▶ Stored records
%%

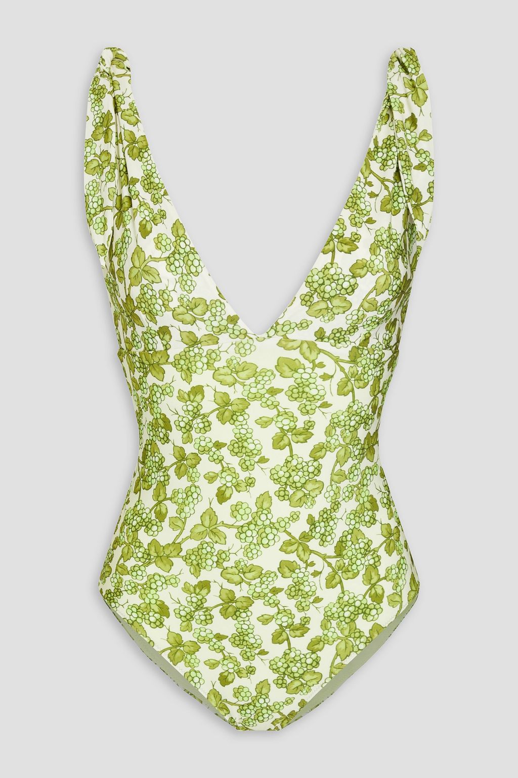 Etro's swimsuit is intricately printed with grape vines. It's been made in Italy from sculpting stretch fabric and has a deep V-neckline and ties at the shoulders. Wear it as a bodysuit when sightseeing on vacation.
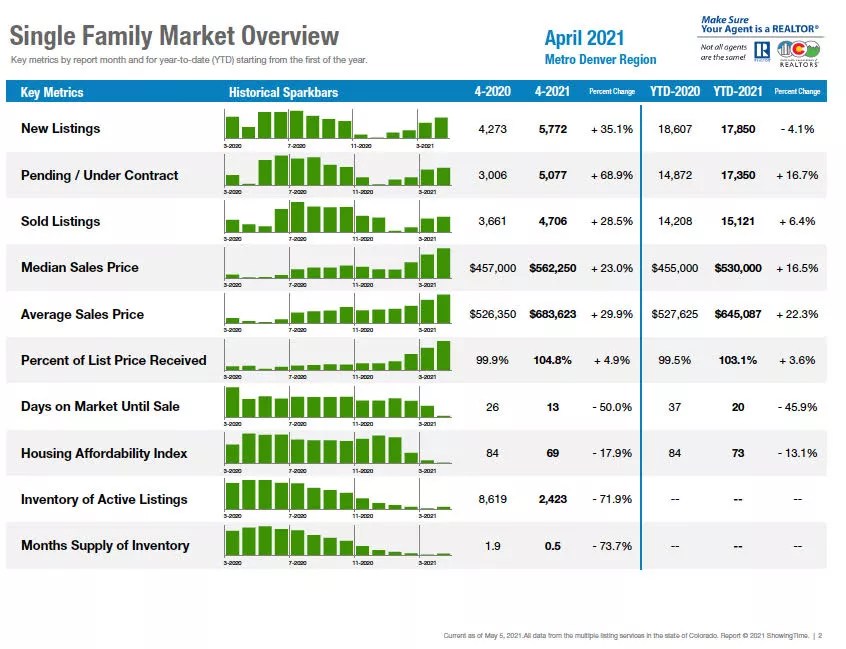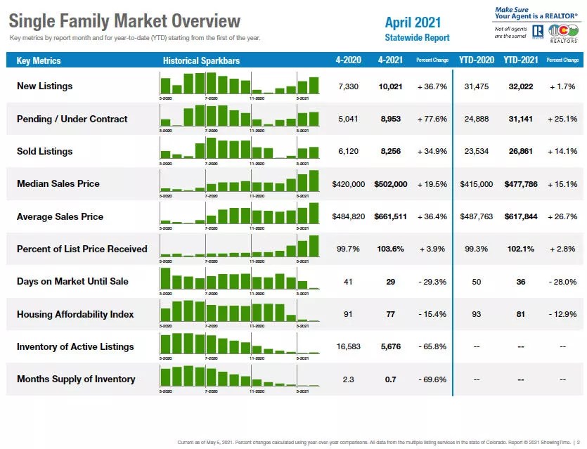For example, note that the average sale price for a single-family home in Colorado in April was $661,511, a 36.4 percent increase over the same month in 2020. In contrast, the median sales price was $502,000, a 19.5 percent bump from the $420,000 median mark established a year ago.
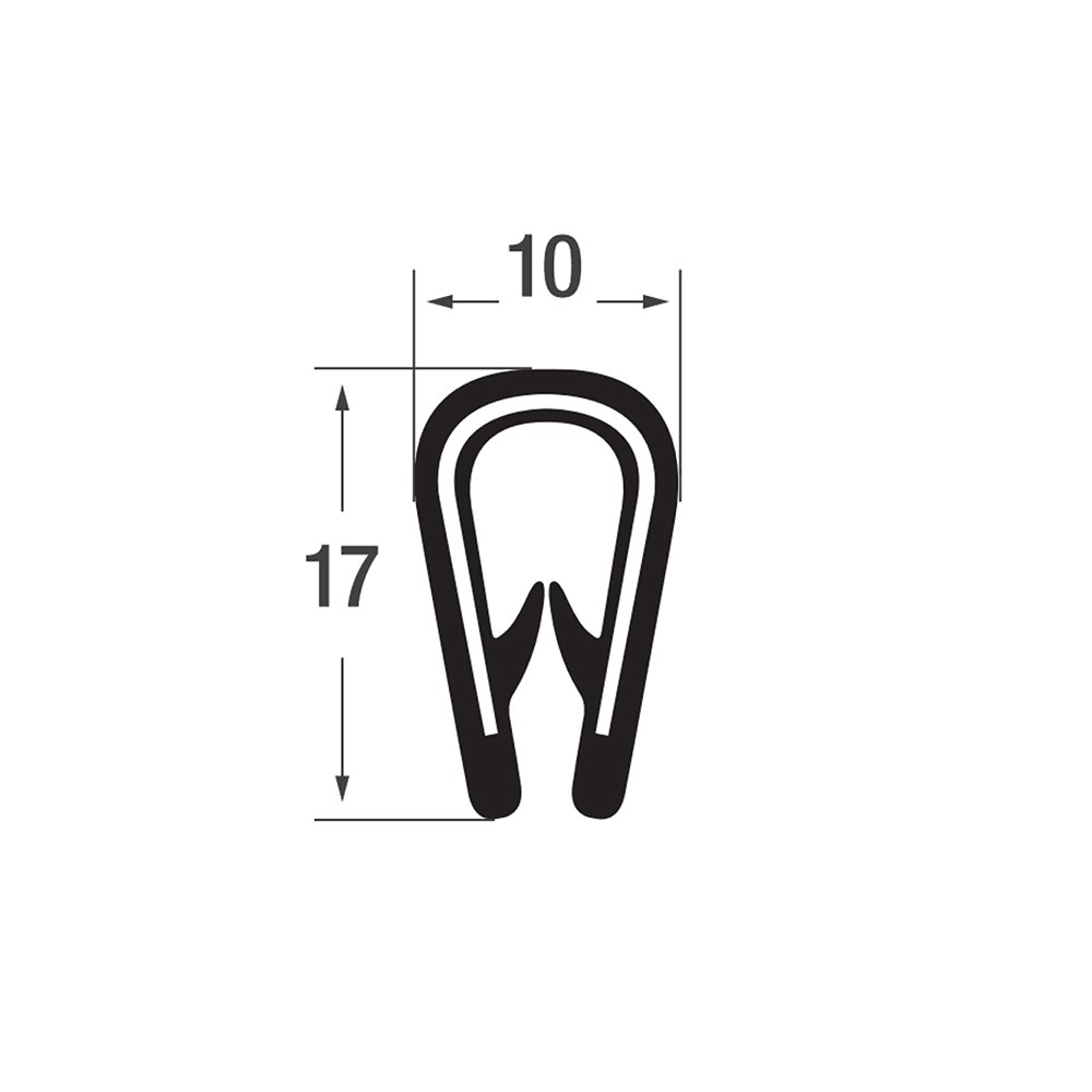 Kantenschutzprofil 17x10mm - PVC mit Stahlklemmband - Klemmbereich 2-4mmdrawing_1
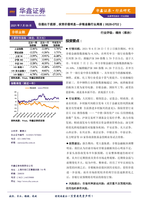 【华鑫证券】【20210705】非银金融行业周报:估值处于底部,投资价值明显-13页
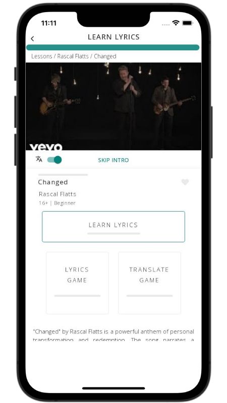 In addition to reading lyric translations, you can now learn English with music and lyrics from your favorite artists.
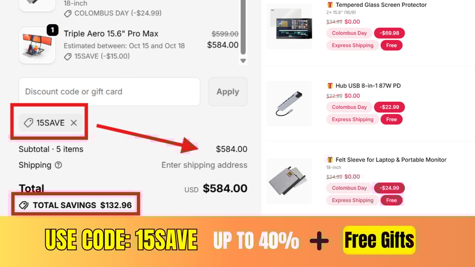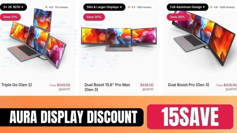The Best Triple Portable Monitor for Laptop 15.6 Inch - Use Code 15SAVE Up to 40% + extra $15 at Aura Displays
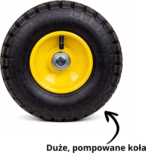 Vier grote pneumatische wielen met stalen velgen zorgen voor stabiliteit, grip en comfortabel rijden op gras, grind en bestrating.
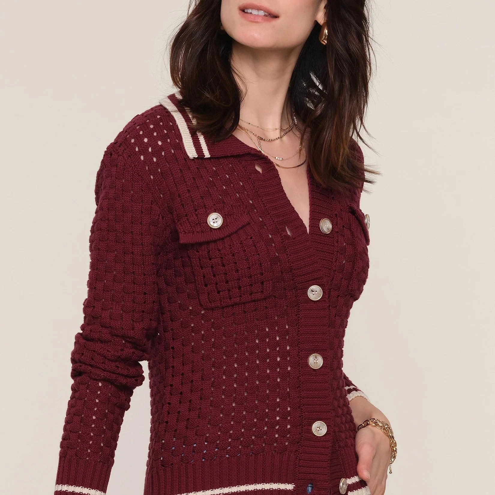 The Posey Cardi is an open-knit with a slim fit. It features contrast, tipped edges, chest pockets and novelty buttons.
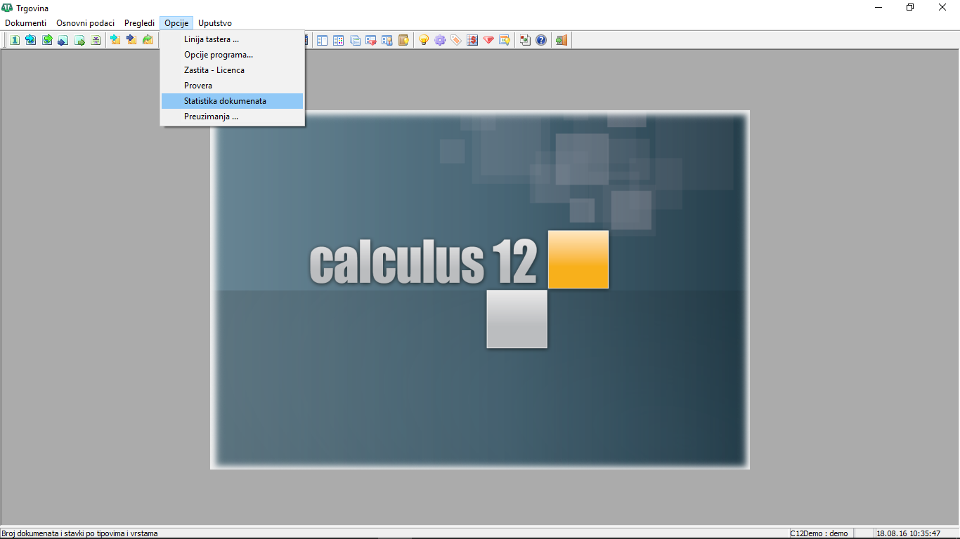 "Opcije - Statistika dokumenata"
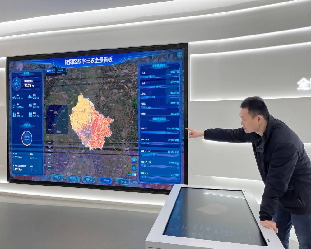 随后,负责人田熹远带领逐梦小队前往数字农业综合馆,观看“数字农业智引旌阳,实现农业现代化”的宣传片,了解园区大概的总体情况、规划布局以及产业发展;同时,逐梦小队也参观了全区域资源管理图展厅,由负责人田熹远讲解该园区以构建1个数字底座,实施3大功能版块和N个应用管理系统为旌阳数字农业管理模式,运用卫星遥感和人工智能技术,对全区所有农业用地进行可视化编码,构建数字农业“智慧大脑”。
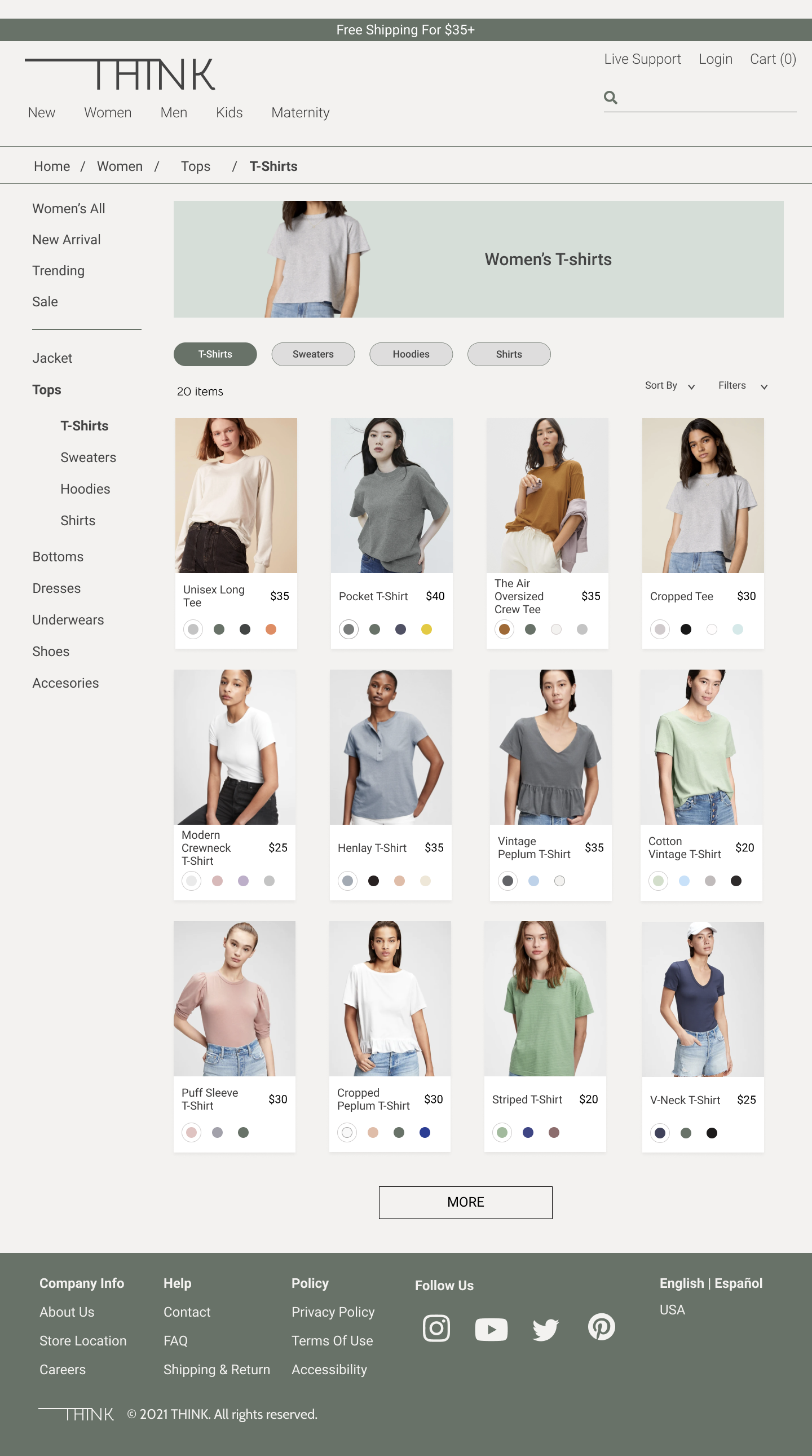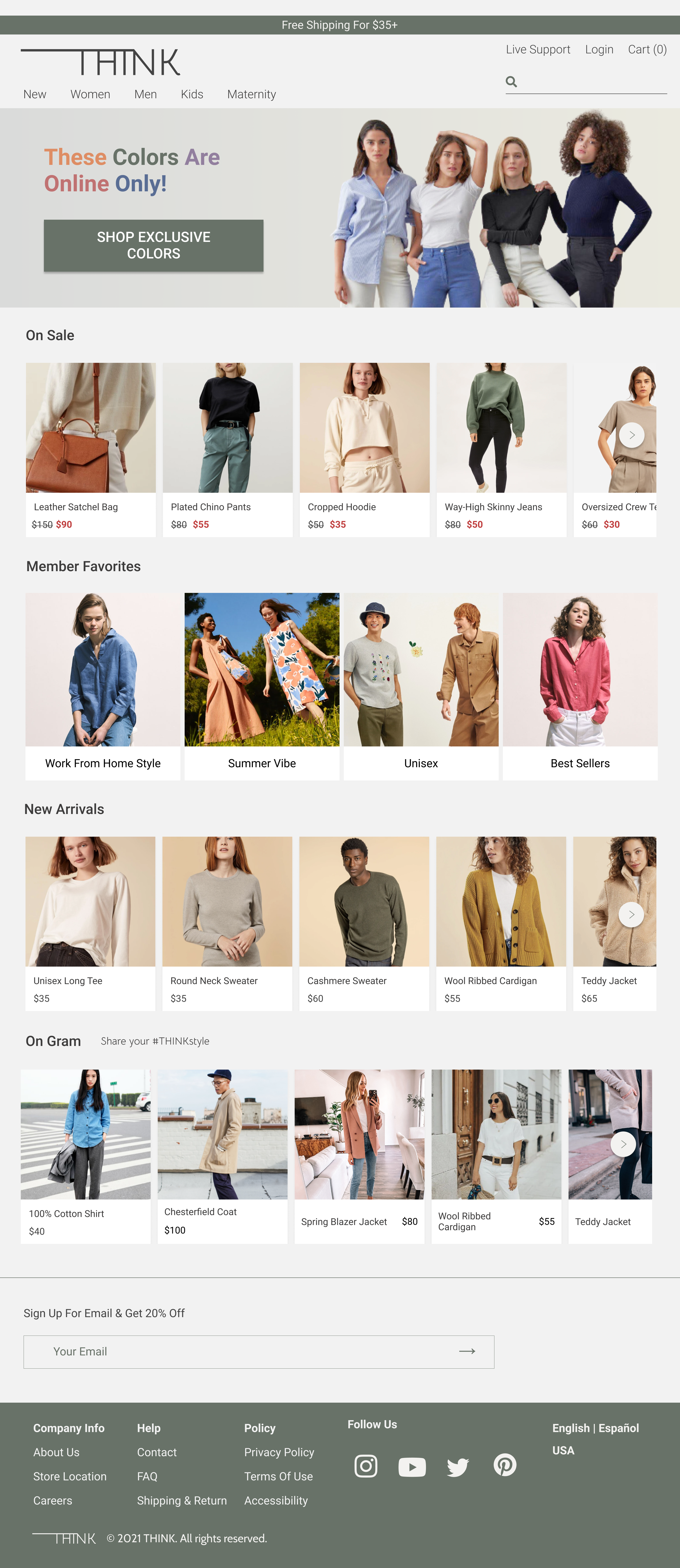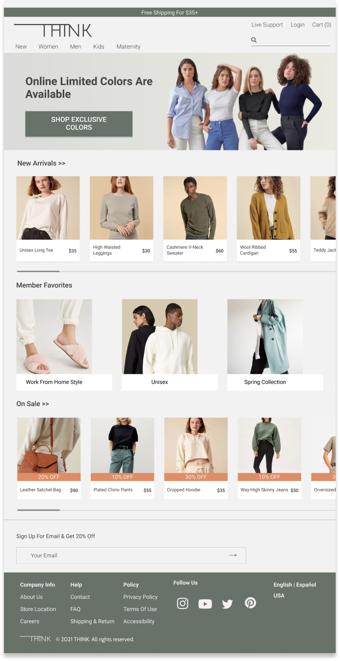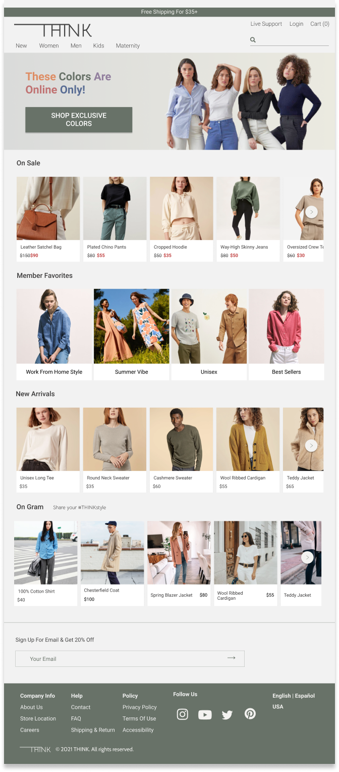 THINK is a successful apparel brand around the world with brick and mortar stores. They decided to launch an online store during the pandemic. I spearheaded end-to-end design for their first e-commerce website.

%%

▶ How to complete this task
The lines to copy exactly start with the line above that has "Kantenschutzprofil 17x10mm - PVC" and go on through the line that has "随后,负责人田熹远带领逐梦小"; please include both, add nothing else, and omit the pictures.

▶ Exercise response
 Kantenschutzprofil 17x10mm - PVC mit Stahlklemmband - Klemmbereich 2-4mmdrawing_1
 【华鑫证券】【20210705】非银金融行业周报:估值处于底部,投资价值明显-13页
 In addition to reading lyric translations, you can now learn English with music and lyrics from your favorite artists.
The Best Triple Portable Monitor for Laptop 15.6 Inch - Use Code 15SAVE Up to 40% + extra $15 at Aura Displays
 Vier grote pneumatische wielen met stalen velgen zorgen voor stabiliteit, grip en comfortabel rijden op gras, grind en bestrating.
 The Posey Cardi is an open-knit with a slim fit. It features contrast, tipped edges, chest pockets and novelty buttons.
 "Opcije - Statistika dokumenata"
 随后,负责人田熹远带领逐梦小队前往数字农业综合馆,观看“数字农业智引旌阳,实现农业现代化”的宣传片,了解园区大概的总体情况、规划布局以及产业发展;同时,逐梦小队也参观了全区域资源管理图展厅,由负责人田熹远讲解该园区以构建1个数字底座,实施3大功能版块和N个应用管理系统为旌阳数字农业管理模式,运用卫星遥感和人工智能技术,对全区所有农业用地进行可视化编码,构建数字农业“智慧大脑”。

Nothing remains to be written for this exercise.